**TASK GOAL**: Taking the line with "Roanhowe Queen Upholstered" as the first and the line with "職人さん向けのフロアボードや" as the last, set down exactly every line in that range from the entries below, and no more.

**SOURCE MATERIAL**:

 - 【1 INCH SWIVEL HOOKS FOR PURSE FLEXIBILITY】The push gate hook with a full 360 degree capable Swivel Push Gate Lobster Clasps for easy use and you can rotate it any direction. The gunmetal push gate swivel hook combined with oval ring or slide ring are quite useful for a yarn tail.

---

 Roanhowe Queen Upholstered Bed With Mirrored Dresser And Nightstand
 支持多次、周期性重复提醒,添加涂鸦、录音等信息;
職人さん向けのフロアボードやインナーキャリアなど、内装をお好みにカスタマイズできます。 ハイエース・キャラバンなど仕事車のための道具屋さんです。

**SOLUTION FOR THIS EXERCISE**:
 Roanhowe Queen Upholstered Bed With Mirrored Dresser And Nightstand
 支持多次、周期性重复提醒,添加涂鸦、录音等信息;
職人さん向けのフロアボードやインナーキャリアなど、内装をお好みにカスタマイズできます。 ハイエース・キャラバンなど仕事車のための道具屋さんです。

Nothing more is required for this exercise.